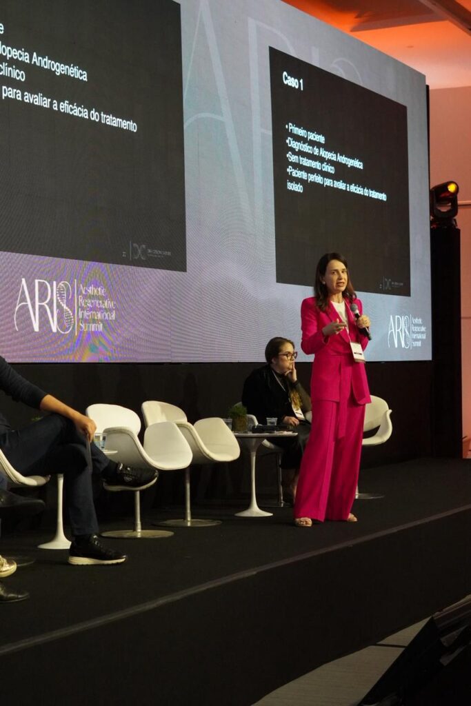 A dermatologista Débora Cadore, especialista em doenças capilares e do couro cabeludo, foi uma das palestrantes do ARIS Congress 2025 (Aesthetic Regenerative International Summit), realizado nos últimos dias 7 e 8 de novembro no Centro de Convenções Rebouças, em São Paulo. No sábado, em sua palestra, a médica catarinense abordou o tema “Uso de células da gordura no tratamento das alopécias”, apresentando o que a ciência revela sobre o assunto e como essas descobertas são aplicadas na prática clínica diária. Segundo a especialista, pioneira no mundo nesta técnica, o tema é fundamental, pois evidencia que já existem terapias regenerativas eficazes para doenças antes consideradas sem solução.
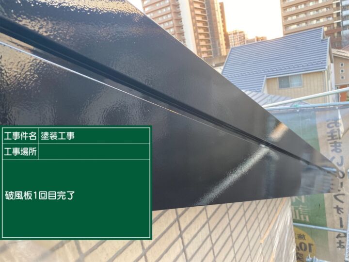 補修後、同様に塗装していきます。フッ素UVコートした1回目の塗装の様子です。
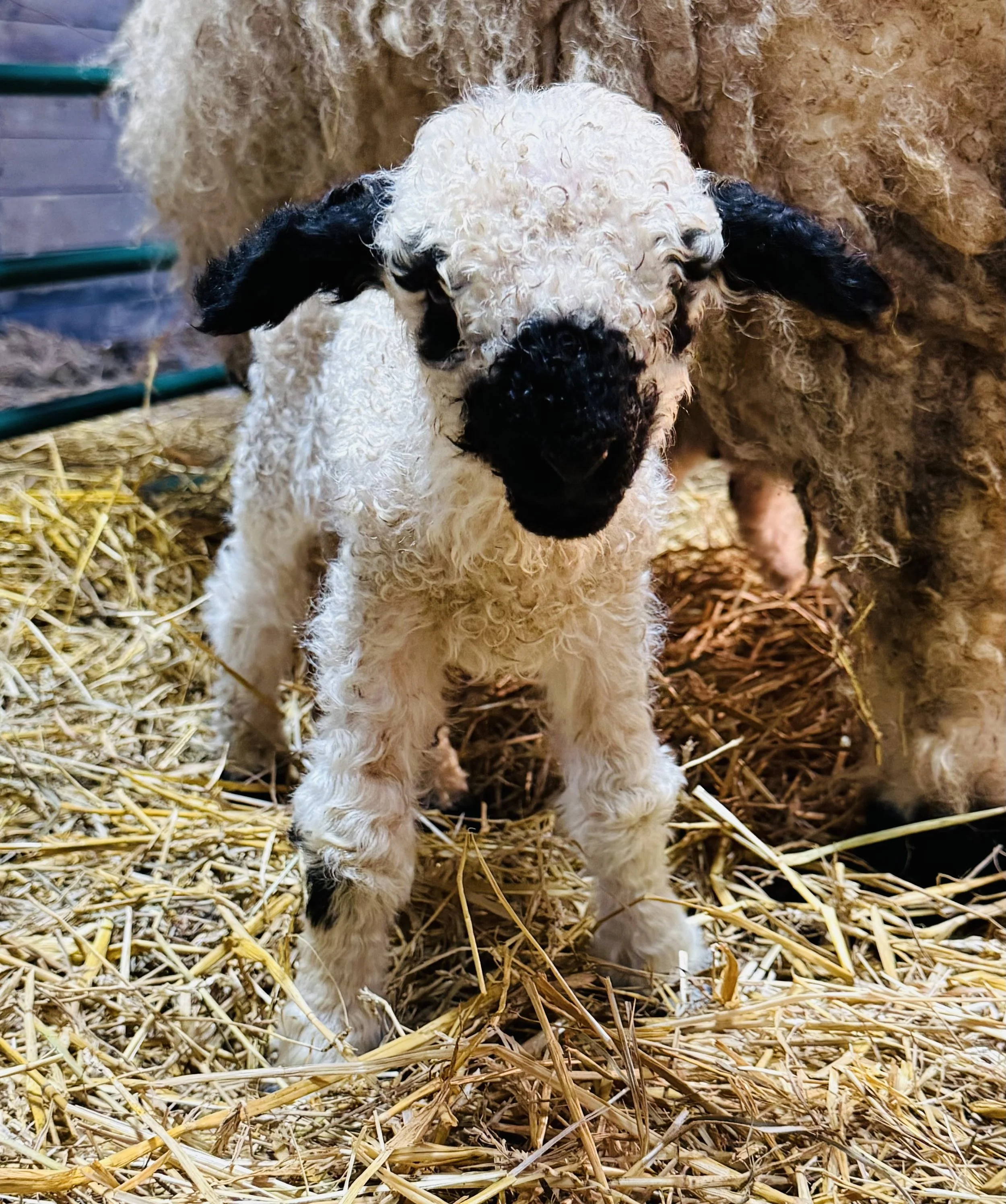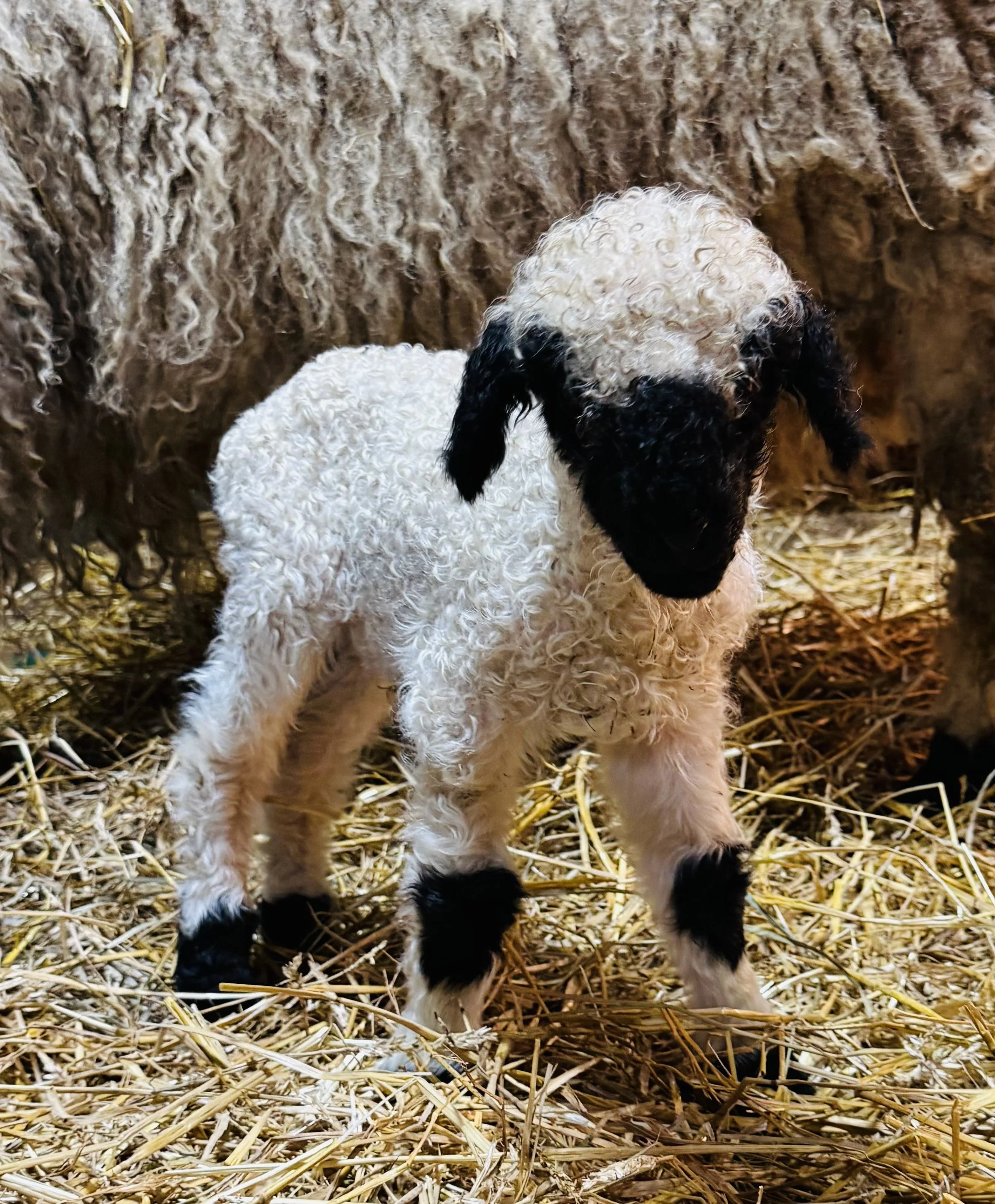 Welcome to the world, Nate Jude! Nate was born on 3/2 to mama Joy. Nate Jude is an F3 (75%) Valais Blacknose Sheep with the most perfect markings and curly hair. He will be ready for weaning in June.
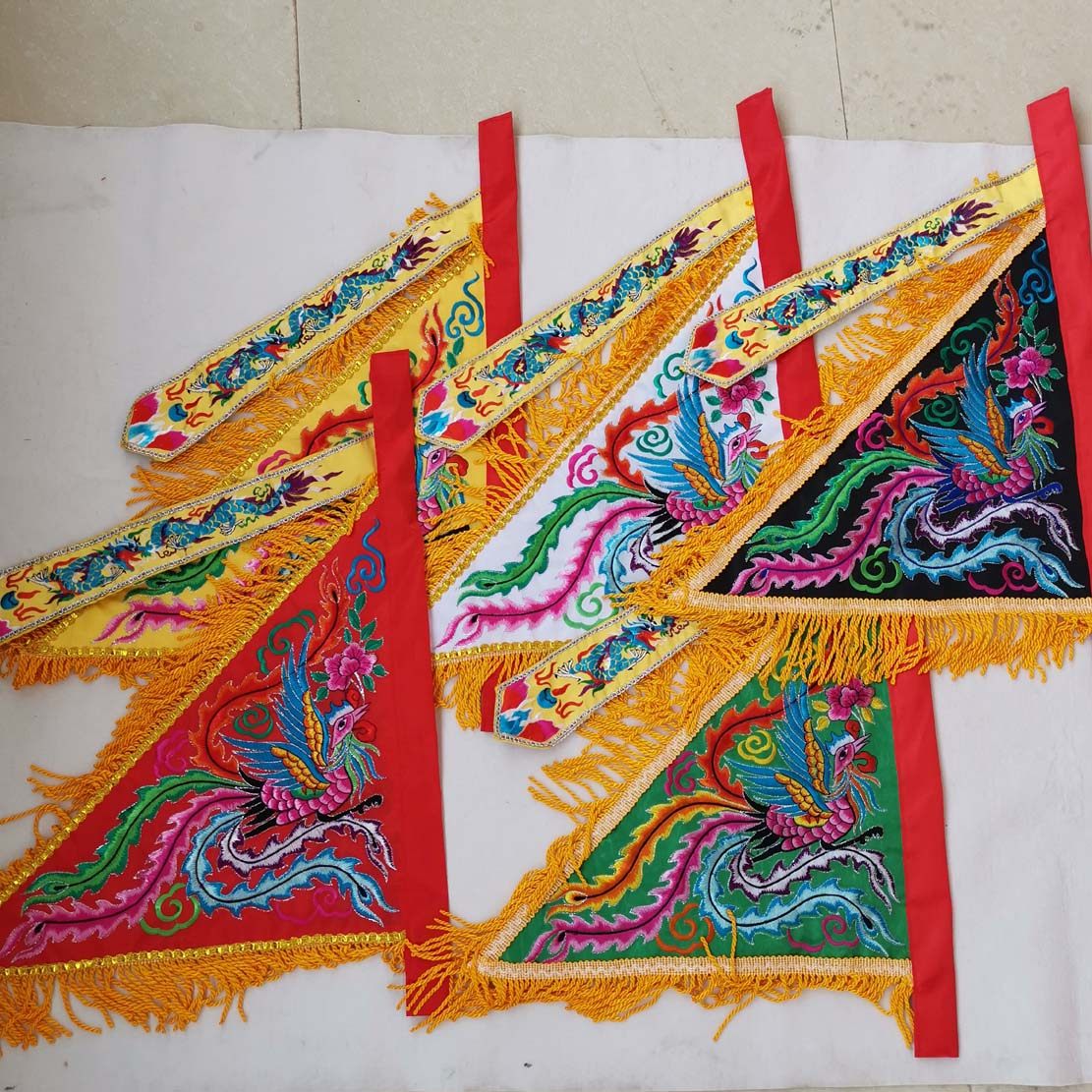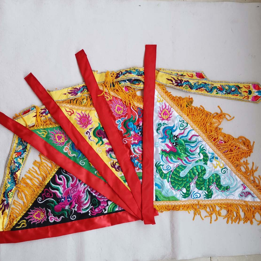 Tianlong embroidery five-color flag level embroidery triangular scale flag one side dragon one side phoenix five battalion flag five party flag colorful flag
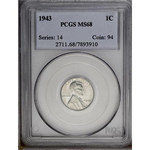 <B>1943<1C> MS68 PCGS.</B></I> The surfaces are nearly flawless and show no traces of oxidation or spotting. Simply unimprovable quality and great eye appeal. Population: 47 in 68, 0 finer (3/06).<BR><I>From The Kendall Marie #4 All-Time Finest PCGS Registry of Lincoln Cents with Varieties, Circulation Strikes, 1909-1958.</B></I> <BR><BR><B>Important notice:</B> Heritage usually auctions material at the rate of 200-250 lots per hour. On some occasions eBay Live bid software or the Internet may not be able to keep up with the pace of the auction. We recommend placing a realistic absentee bid now as insurance to avoid disappointment. Occasionally the auctioneer may eliminate or reject an eBay Live bid, and the auctioneer may also reopen a lot after the close of the eBay live bidding (usually because we missed an audience bid), and may reject your bid even if it shows you as the winning bidder. By bidding via eBay Live, you agree that Heritage may award the lot to another bidder at its sole discretion under the circumstances described above or any other reasonable circumstances. Since eBay bids are not shown to us until we open the lot on the floor, we treat those bids just like floor bids. In most cases the floor responds before the eBay bid is presented to us, due to Internet lag time, so for consistency we have made it a policy that floor bids are always considered first over tie eBay live bids. Also please note that all Heritage lots purchased through eBay Live carry a 20% Buyer's Premium. Please make sure you read the Terms and Conditions before you bid. This lot is being auctioned in conjunction with a live floor auction by Heritage Galleries & Auctioneers. All final auction and invoice information will be supplied by Heritage Galleries & Auctioneers, and all other information should be considered preliminary. Lot:557 <BR><BR><B>Winning Notification and Billing:</B> After the FINAL session in this auction is complete, Heritage will send e-mail and snail mail invoices. This process normally takes several days. All final auction and invoice information will be supplied by Heritage Galleries & Auctioneers, and all other information should be considered preliminary. <BR><BR>This auction will be conducted on a live auction floor and over the Internet through eBay Live. If you choose to place an absentee bid, please take a moment to <font color='#0000ff'><u><a href='http://pages.ebay.com/liveauctions/help/before/laabsentee.html'>learn how eBay Live absentee bidding works</a></u></font><font color='#000000'>
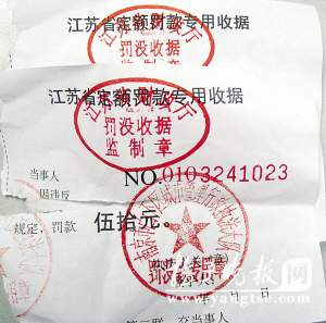 概要: 空白的收據(jù)齊刷刷的撕口讓人生疑。梅建明 攝要收據(jù)罰200,不要就罰150罰款也搞“議價”,南京朝天宮街道城管協(xié)管員涉嫌違規(guī)“協(xié)管員”,顧名思義,是協(xié)助管理的人員,他們并沒有執(zhí)法權(quán)和處罰權(quán)。然而,前幾天,記者接到在南京做小生意的商販程先生的投訴,稱自己經(jīng)營的三輪車被南京朝天宮街道行政執(zhí)法中隊的協(xié)管員扣留并罰款,其中存在諸多的違規(guī)之處。
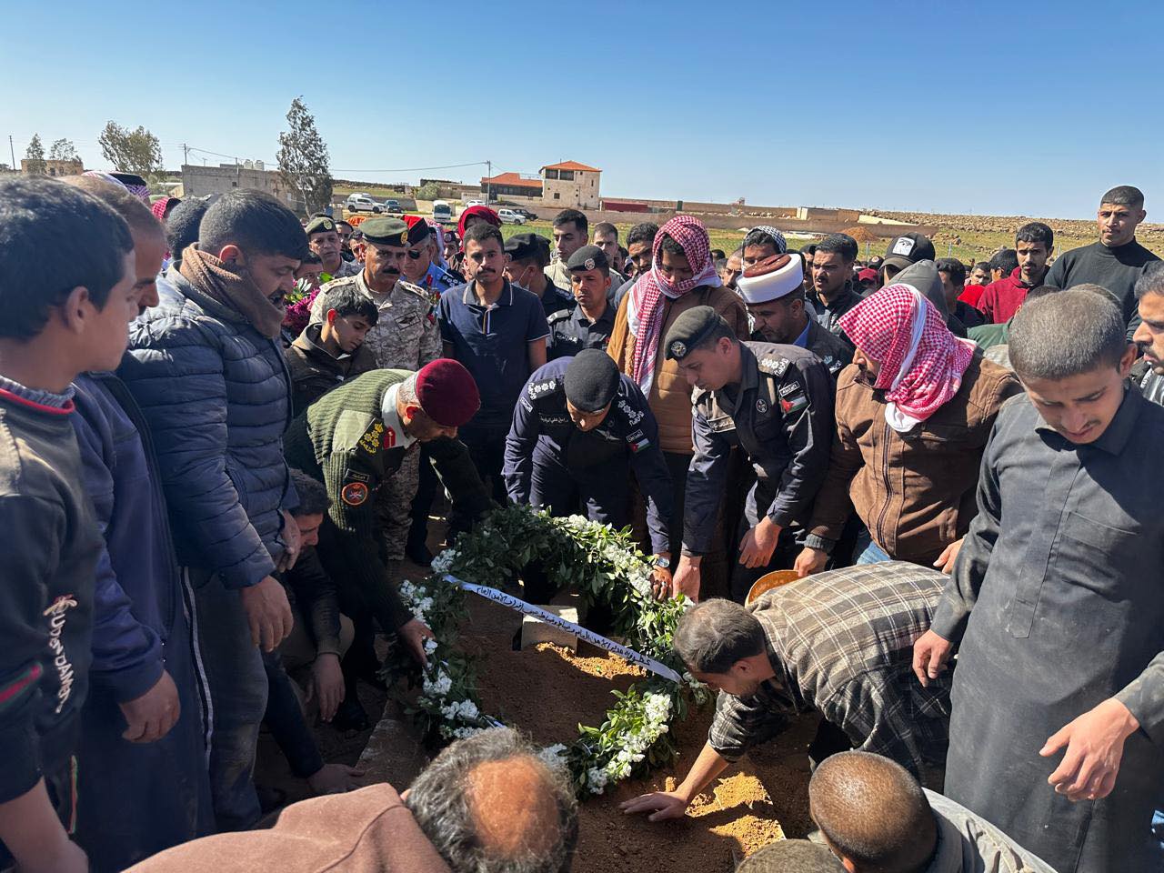 وشارك بتشييع الجثمان آمر اكاديمية الشرطة الملكية العميد الدكتور يوسف البداينه ونائب مدير شرطـة الباديـة الشماليـة العقيد ابراهيم الحجايا وعدد من ضباط وضباط صف وأفراد مدير الأمن العام من مختلف التشكيلات.
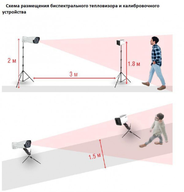 RUBEZH RV-4RTMK-M.BS400L13/M4-WSO/2320-1 - комплекс для 1-ой зоны контроля (прохода) дистанционного, бесконтактного измерения температуры тела человека (от +30 до +450С) с точностью (±0,3°C), оперативного выявления людей с повышенной температурой, формирования светозвуковых оповещений и тревожных сообщений в таких случаях.
========================================
What the task asks: Start with the line above containing "Welcome to the" and end with the line containing "Tianlong embroidery five-color". Set down that stretch exactly, without any pictures.

Task response:
 Welcome to the world, Nate Jude! Nate was born on 3/2 to mama Joy. Nate Jude is an F3 (75%) Valais Blacknose Sheep with the most perfect markings and curly hair. He will be ready for weaning in June.
 Tianlong embroidery five-color flag level embroidery triangular scale flag one side dragon one side phoenix five battalion flag five party flag colorful flag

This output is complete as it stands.